И все же Шаляпин чувствовал себя в труппе неуютно. Некоторые солисты и чиновники театральной конторы не скрывали высокомерия к «пришельцу», раздражения его «провинциальностью», «неотесанностью». «Жизнь в Питере, – писал Шаляпин в Тифлис своему другу В. Д. Корганову в январе 1896 года, – идет своим чередом, по-столичному: шум, гам, руготня и проч. Поругивают и меня, и здорово поругивают, но я не унываю и летом во что бы то ни стало хочу за границу, в Италию и Францию в особенности…»
Намерение серьезное. 22 апреля Федор получил в Дирекции императорских театров «Свидетельство об отпуске» – необходимый каждому государственному служащему документ для выезда за границу. Но мечта певца не осуществилась: судьба готовила ему другой сюрприз – встречу с московским промышленником и владельцем Московской частной русской оперы Саввой Ивановичем Мамонтовым. Правда, о Мамонтове певец тогда почти ничего не знал – официально труппа носила название «Оперный театр К. С. Винтер».
Можно допустить, что Клавдию Спиридоновну Винтер Федор не раз встречал осенью 1894 года в Панаевском театре: она тогда возглавляла административную часть Оперного товарищества И. А. Труффи. Биограф С. И. Мамонтова Е. Р. Арензон полагает, что Товарищество Труффи существовало на капиталы Мамонтова: в это время Савва Иванович всерьез намеревался возобновить начатую в 1880-х годах деятельность своего театра и уже мысленно его формировал.

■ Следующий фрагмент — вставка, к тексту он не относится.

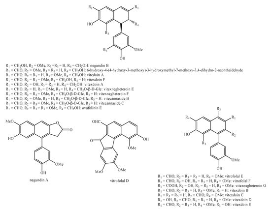 - Lou, Z.-H.; Li, H.-M.; Gao, L.-H.; Li, R.-T. Antioxidant Lignans from the Seeds of Vitex negundo var. cannabifolia. J. Asian Nat. Prod. Res. 2014, 16, 963–969. [Google Scholar] [CrossRef]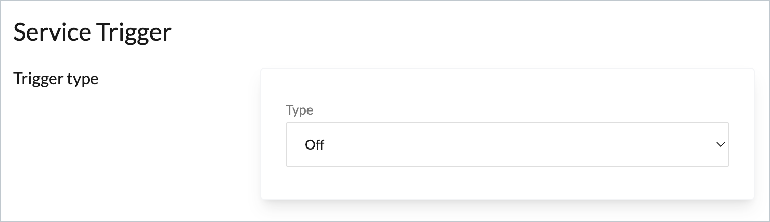 The steps detailed on this page assume that you are following the 'new service' flow and have just saved service settings, so the service trigger page is displayed: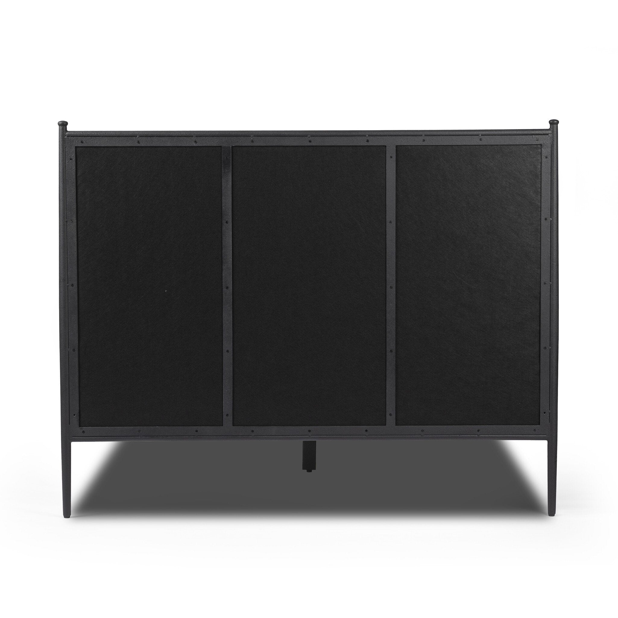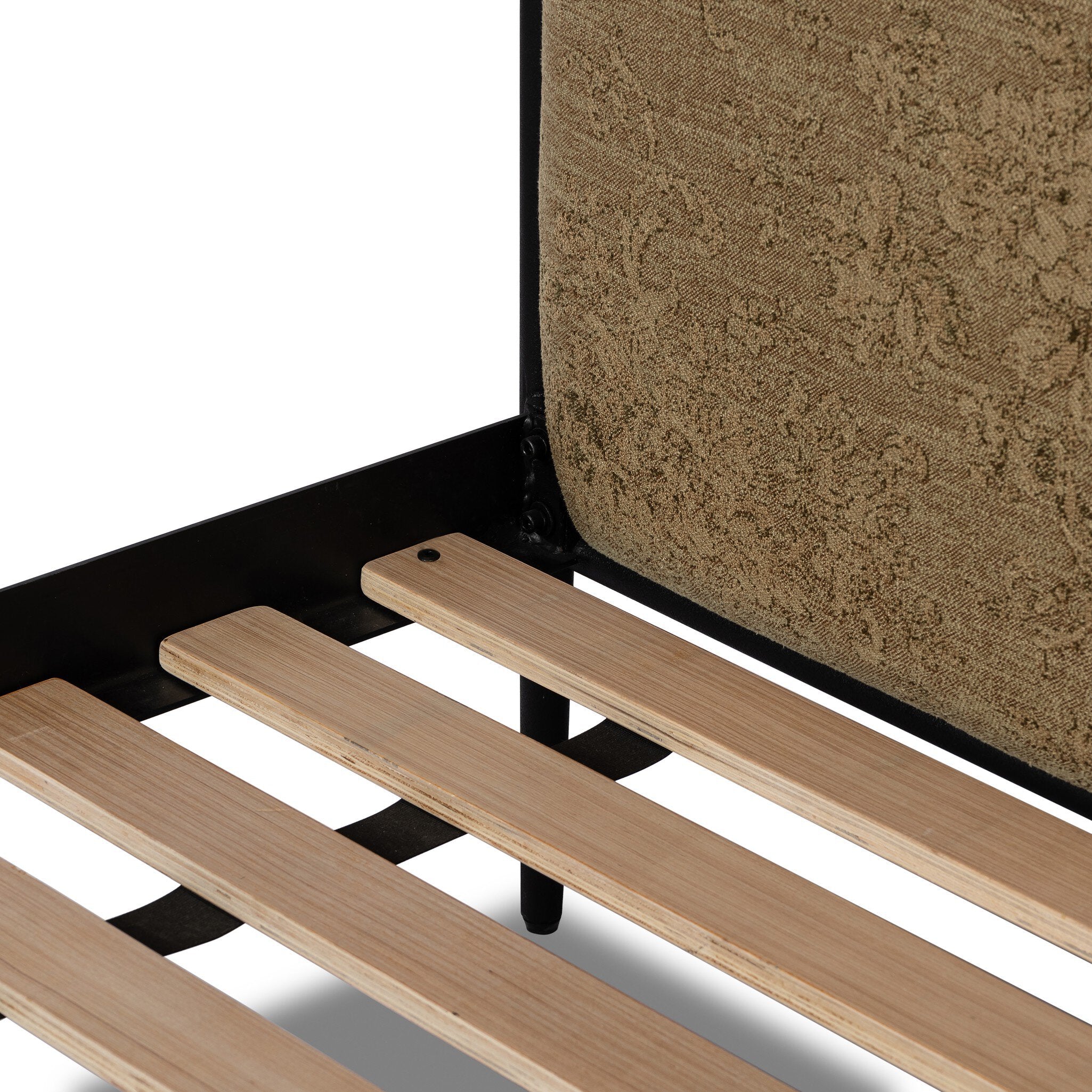 This striking bed frame combines industrial charm with refined elegance. The textured black iron construction provides sturdy support, while gracefully tapered legs finished with decorative ball accents add visual interest. The cream-upholstered headboard offers both comfort and versatility, seamlessly complementing any bedroom aesthetic from modern to traditional.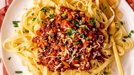 You can keep your recipe as simple as that, or you can combine the walnuts with a few other vegan elements to add more dimension to your dish. Mushrooms are a popular ingredient in plant-based Bolognese sauces due to their umami flavor and somewhat meat-like texture. To create a mushroom and walnut meat substitute, first blitz them separately in a food processor, then stir them together. You could also incorporate lentils (a good source of plant-based protein) by cooking them and stirring them in the sauce before you blend everything together. Whichever route you choose, you'll end up with a yummy, hearty, vegan Bolognese.

О Шаляпине Мамонтову напомнили Иосиф Антонович Труффи и Петр Иванович Мельников, сын известного певца Мариинского театра И. А. Мельникова. Переговоры с Федором вел «панаевец» И. Я. Соколов – он с супругой, певицей К. Ф. Нума-Соколовой, также был приглашен в Частную оперу. Втроем артисты двинулись в Нижний Новгород – там С. И. Мамонтов готовил выступления своего театра.